By monitoring the population with the new photo traps, working together with scientists, and making sure that no illegal fishing or other illegal activities are carried out around the islands, the wardens hope that more answers can soon be found. “I think the key will be the increased involvement from scientific people to better understand the dynamics and the ecology of the islands. We still find new species across the islands from time to time,” explains Alves.
The creation of the Special Protection Area of the Desertas Islands in 1990 and the 1995 reclassification of a Nature Reserve was not only motivated by the urgent need to protect the Mediterranean monk seals, but to also protect other local wildlife. The critically endangered Desertas wolf spider, for example, is only known to live at the north end of the top of Deserta Grande. The endemic spider can reach 8cm in length and is one of the largest spiders of its kind in the world. “We don’t know why it only lives in that part of the island. More research needs to be done about that,” says Alves and mentions that another spider species has just been discovered on the island. “In one of the caves, a team of scientists recently found a spider species that hasn’t been described in science yet. There seem to be new species coming up all the time on this small rock in the middle of nowhere.”

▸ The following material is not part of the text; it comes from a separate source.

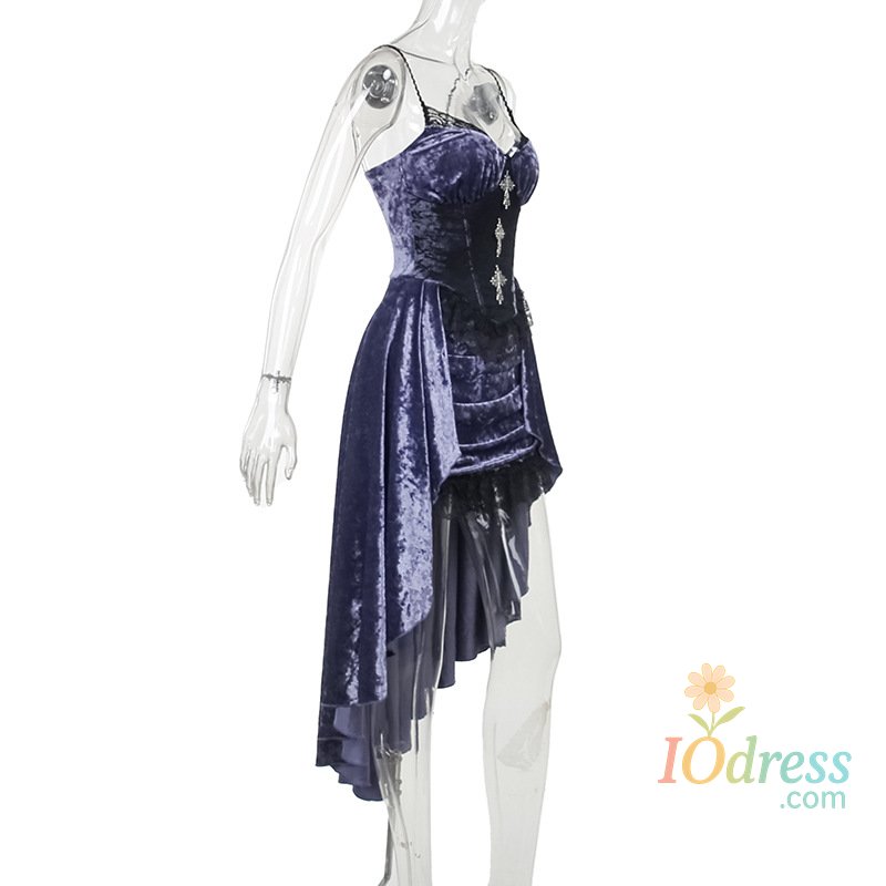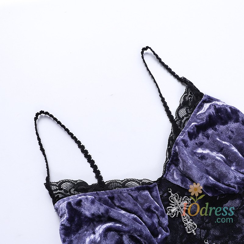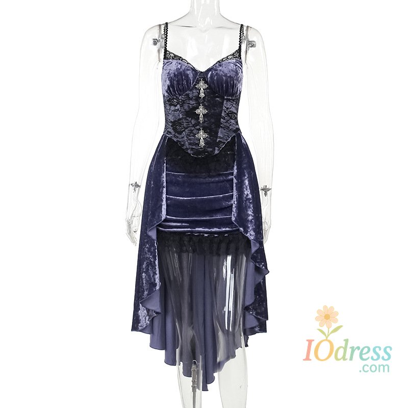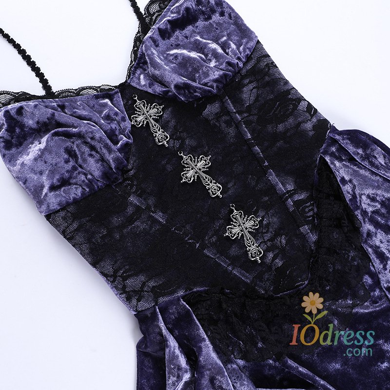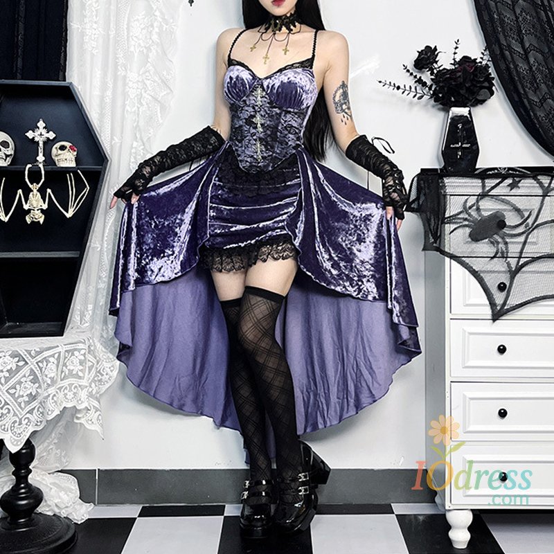 IO Dress Goth Dark Gorgeous Victoria Gothic Velvet A-line Dresses Female Elegant Evening Lolita Partywear Grunge Sling Lace Hem Alt Cloth
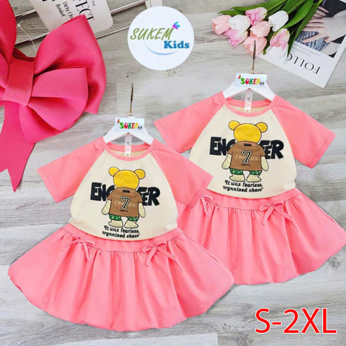 A462711 - (22/10)Set bí áo ngắn tay ráp lăng in gấu thể thao chất thun coton 4c in gấu số 7 chân váy

Between spring and autumn, thousands of sea birds such as Bulwer’s petrels and Cory’s shearwaters come to Desertas to nest. A small, endangered population of Desertas petrels, a species endemic to the islands, also breeds on Bugio. “As the species only lays one egg, we carefully monitor their population annually,” says Alves, and adds: “Bugio is free of rats, rabbits and goats because they were never introduced there. That’s why the seabird population is quite healthy on that island. On Deserta Grande, the resident goats would eat the seabirds and their chicks.”

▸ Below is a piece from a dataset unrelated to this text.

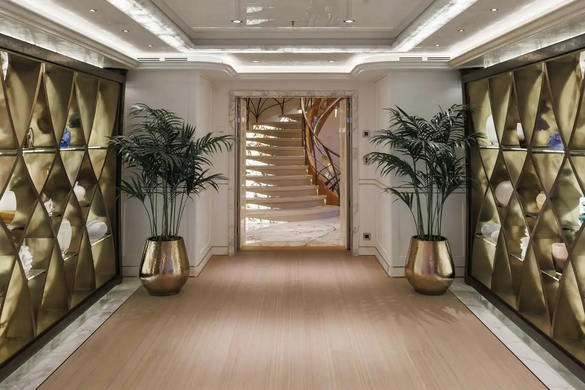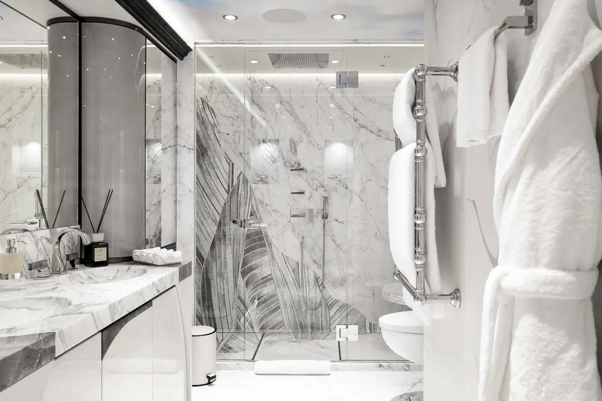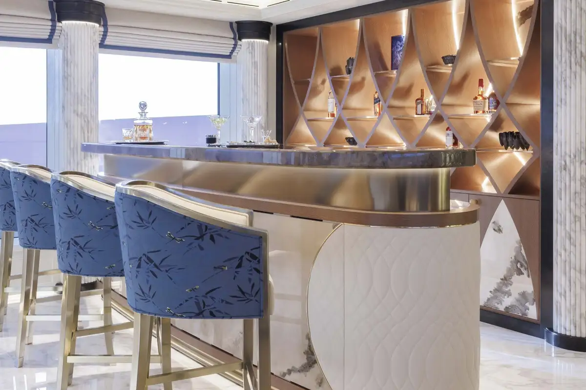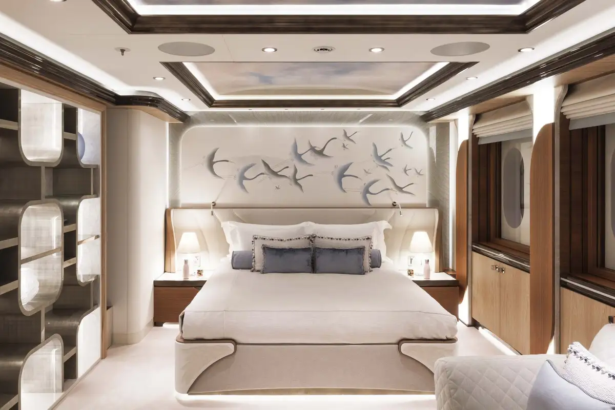 The attention to detail on board is of the highest level, from the wallpaper that was hand-crafted by artists or the choice of the finest natural materials, few yachts can compare to the onboard opulence of AHPO. Each suite has a unique theme and colour pallet to suit all your guests' needs. It is, however, the owner’s deck that will leave you awestruck. Few owner’s suites are of the size or exhibit the excellence of craftsmanship, fabrics or materials as AHPO’s. From the suite’s lobby area there are entrances to the his and hers bathrooms and dressing rooms. The central bed is partitioned for privacy and there are two private balconies one on each side depending on which view you’d prefer that day.
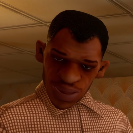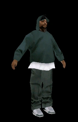 There are three cutscene models for Big Bear, an unused (fat) one csbigbear, the used thin onecsbigbearthin and another unused model called csbigbear2[2]. The third model is overweight and seen wearing gray pants and a black cap under a dark green hood. This model is a recolored version of the Grove Street Families Fam1 model.

Even though there are no permanent settlements on the Desertas Islands, people have tried to make use of them throughout the past few centuries. During World War II, four watch posts were built to monitor enemy ships which were later used by whale hunters to spot cetaceans. In 1959 and 1961 two lighthouses were built respectively on Ilhéu Chão and Bugio. From the 15th until the 19th century, birds, rabbits, and goats were introduced to the island by passing seamen to provide fresh food. The impact of that time can still be seen today: Small cisterns and remnants of shelters are located on top of Deserta Grande, and goats have survived in the treacherous terrain to this day. Despite numerous controversial kill campaigns, the goats were able to hide away from humans in nooks and crannies in the steep rock faces of Deserta Grande.

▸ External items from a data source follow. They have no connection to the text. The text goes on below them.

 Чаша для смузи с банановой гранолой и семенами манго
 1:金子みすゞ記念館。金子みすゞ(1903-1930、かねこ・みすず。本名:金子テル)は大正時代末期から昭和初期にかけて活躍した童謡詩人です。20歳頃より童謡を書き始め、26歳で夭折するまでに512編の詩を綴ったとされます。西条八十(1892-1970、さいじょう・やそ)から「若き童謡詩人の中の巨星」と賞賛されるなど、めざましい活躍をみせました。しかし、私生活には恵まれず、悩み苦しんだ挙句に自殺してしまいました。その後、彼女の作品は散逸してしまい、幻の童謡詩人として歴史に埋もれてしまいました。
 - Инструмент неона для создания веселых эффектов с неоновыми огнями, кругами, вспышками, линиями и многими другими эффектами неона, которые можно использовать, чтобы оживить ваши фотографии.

As we circumnavigate the three volcanic islands, we scan the water and beaches for signs of the monk seals – to no avail. Having spotted a monk seal so close to shore on a busy Madeiran beach just a few days earlier, I wonder where they might now be hiding.
With the species having almost been hunted to extinction, much of their natural habitat now occupied by humankind, the remaining few found refuge in and around the rugged and remote Desertas Islands. Here, the population has slowly recovered, thanks to effective protections and committed wardens. But as with many conservation initiatives, ‘mission complete’ remains some way off. For the wardens on these windswept rock, the work goes on.